Mr Bayley said he was so unhappy with the content when he took over three years ago that he asked to put a stop to everything for six months to figure out what the dome was supposed to be about.
"It was a risk. But it could have been saved then. Instead they went on and spent £750m and we still don't know what it is for."
He said his pleas to employ a masterplanner of the calibre of Sir Norman Foster to "make some sense of the mess" were not just ignored but energetically rejected by Mr Mandelson.
"The results are unfortunately there for all to see," he added.
Mr Bayley said his vision was for a "dome of the future" where Tesco would have paid architects like Frank Gehry, the man behind the Guggenheim museum in Bilbao, to design the shop of future complete with the foods of the future which people could buy. Guinness could have had the drinks of the future, and Ford the cars and transport of the future.

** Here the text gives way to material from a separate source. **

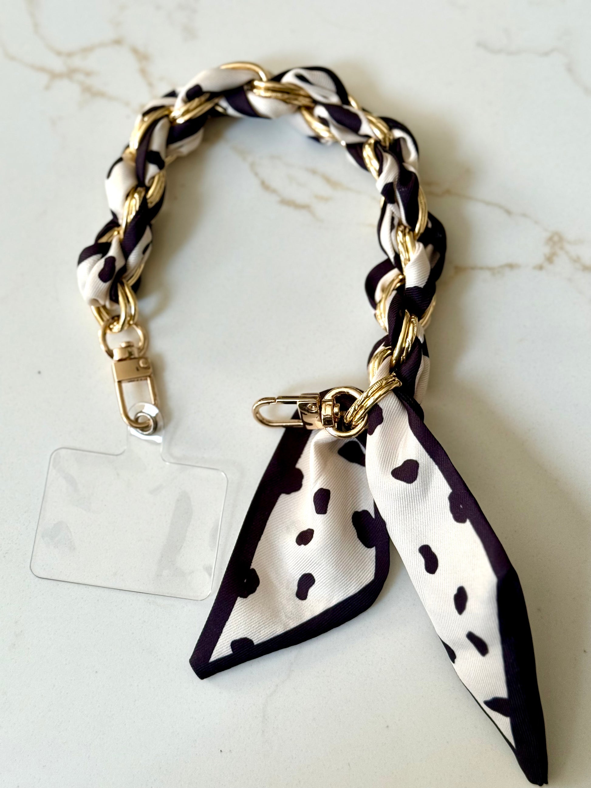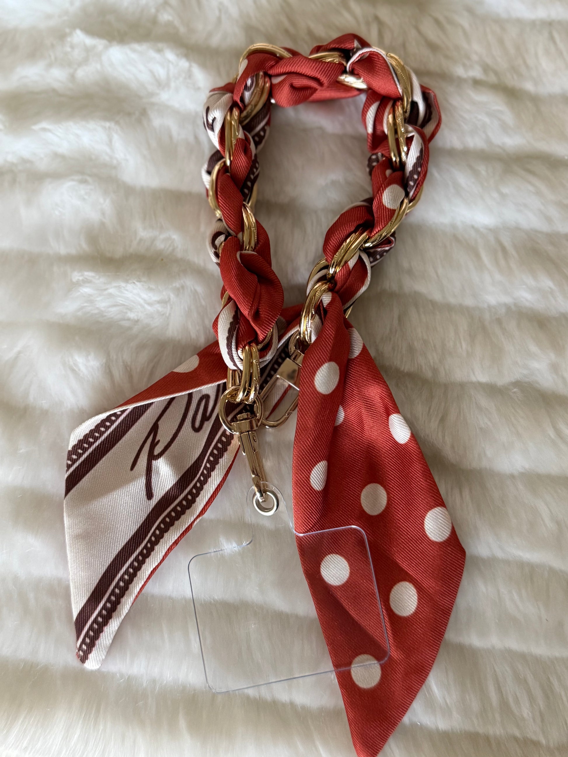 This gorgeous chain is interlaced with a beautiful satin scarf that gives this accessory an elegant and classy look. The transparent cell phone attachment goes inside of your phone case and the chain clips onto the tab that extends out the charging slot. The chain and scarf can easily attach/detach to create different looks between your purse and your phone.

"People want voyeurism and surprise. Instead what we got was muddle and a lot of bad school projects," he said.
Mr Bayley, who founded the Design Museum, in London, said there was a nasty, secretive atmosphere inside the NMEC.
"There is no one in charge who knows what it is all for and about. That is why they are so glum and depressed and paranoid and afraid of any criticism, because they are confused in themselves."
But Mr Bayley reserved his greatest ire for the Litmus Group of the great and the good who vetted the quality of the content. "I don't so much blame Michael Grade, because he is just a businessman, but Alan Yentob [of the BBC], Christopher Frayling [of the Royal College of Art] and Neil Cossons of the Science Museum in London, are public servants who should have known better.
"They have betrayed the trust of the public and chosen to be placemen, who have suspended their artistic judgment for political preferment."
A NMEC spokesman said they never expected "people who walked away from us early on would come back into the dome with an open mind and say: 'It's great.'
"I understand also that Stephen Bayley would have strong views on the Litmus Group, since they effectively replaced him. They are all unpaid and have done some great work. They have all spent their ca reers in entertainment or education and we are grateful to them. Comments of this type are not helpful," he said.
"We found that after the experience of working with Stephen over six months, a single curatorial auteur was not going to work with a project of this complexity."
He denied that Peter Mandelson had a baleful influence on the company. "Peter did not set up the NMEC. He simply strengthened the management structures. It is a unique hybrid. There is a large dollop of the civil service and a large dollop of the private sector.
"Each side may find the other frustrating at times. We would have wanted an extra year but the lateness of the last election saw to that."
The spokesman insisted that the claims of excessive secrecy were unjust.
"A lot of people, including the designers have misunderstood this. The confidentiality applies to commercial matters only."